Nada, sin embargo, más lejos de la realidad. Los aranceles constituyen, en el fondo, una muestra de la debilidad económica de quien los impone. ¿De no ser así, por qué lo hace? Aunque es cierto que en determinadas circunstancias tienen sentido (el caso de la industria naciente o el de limitar el poder monopolístico, entre otras), los aranceles son un instrumento perjudicial para el conjunto de la economía, pues protegen a la producción doméstica ineficiente en perjuicio de consumidores y productores, sobre todo si, para desarrollar su actividad, estos últimos dependen de factores de producción importados.
De entre los múltiples efectos que los nuevos aranceles pueden tener sobre la economía norteamericana, hay algunos que tienen toda la pinta de ser inevitables y poco o nada positivos. Por un lado, es obvio que aumentarán los precios de numerosos productos de importación, pudiendo llegar a generar una espiral inflacionista. Por otro lado, provocarán la apreciación del dólar, dificultando así las exportaciones americanas y, en consecuencia, limitando, si no revertiendo, una hipotética reducción del déficit comercial; en todo caso, y como aviso para navegantes, cabe recordar, al respecto, dos cosas: la primera, que tener un superávit comercial requiere más ahorro y menos inversión, algo que, probablemente, no es bueno para la economía estadounidense; y, la segunda, que un superávit comercial no es garantía, en absoluto, de crecimiento económico, como lo evidencian, con toda claridad, los casos alemán y chino. En otro orden de cosas, la imposición de aranceles reducirá el potencial de creación de empleo de la economía al subsidiar a las empresas menos eficientes en detrimento de las más competitivas; y, finalmente, al proteger el mercado interno de la competencia exterior, es muy posible que los aranceles desincentiven la inversión en I+D+i, lo que, a medio plazo, redundará, también, en un menor crecimiento económico.
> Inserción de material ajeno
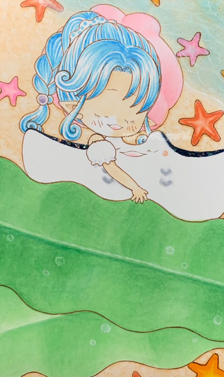 4日目もどうぞよろしくお願いいたします🙏🏻✨ 〜作品紹介〜 さざなみに癒されて 創作キャラの水の妖精ルルが波の音に癒されているところを描いてみました🎨✨ 海の透明感が上手く出せたかなと思ってます(*´罒`*)ニヒヒ♡︎ twitter.com/gallery3150/st…

Vamos, que, en lugar de actuar como una potente navaja suiza, la imposición de aranceles por Trump tiene muchas posibilidades de convertirse en un instrumento desestabilizador de la economía norteamericana, de forma que podría suceder que, utilizando un lenguaje común, al Presidente le salga el tiro por la culata. Esto, ciertamente, no estaría mal para alguien tan megalómano y egocéntrico como Trump, si no fuera por el hecho de que la mencionada imposición de aranceles daña a los ciudadanos estadounidenses y también al conjunto de la economía mundial y amenaza con represalias comerciales generalizadas, algo que, por cierto, no hará más que empeorar las cosas.
Tal y como se recuerda en algunos ámbitos académicos y políticos estos días, hace casi un siglo que el entonces Presidente Roosevelt reconoció que la existencia de aranceles muy elevados había puesto a los Estados Unidos al borde la ruina, pues invitaban a la toma de represalias por parte de otros países y ahogaba la inversión. Donald Trump, siguiendo el camino inverso marcado por otro Presidente, McKinley, parece que no ha aprendido la lección y sigue cayendo en el mismo error. Veremos a donde nos lleva esto, aunque, a juzgar por todo lo expuesto, probablemente a nada bueno; no para los norteamericanos, pero tampoco para el resto del mundo.
El mencionado McKinley modificó su postura ultraproteccionista por otra más colaborativa pues, al final, se dio cuenta de que factores tales como el crecimiento de la población, la mejora del capital humano, el respeto a la ley, el liberalismo económico bien entendido, una sana competencia, etc., son los únicos elementos que garantizan el crecimiento económico a medio plazo. El proteccionismo sólo lleva a encerrarnos cada vez más en nosotros mismos, a ser menos competitivos y a necesitar de más y más protección para sobrevivir. Un panorama, a todas luces, nada halagüeño. De ahí que el Wall Street Journal tildara a su imposición como la guerra comercial más estúpida de la historia.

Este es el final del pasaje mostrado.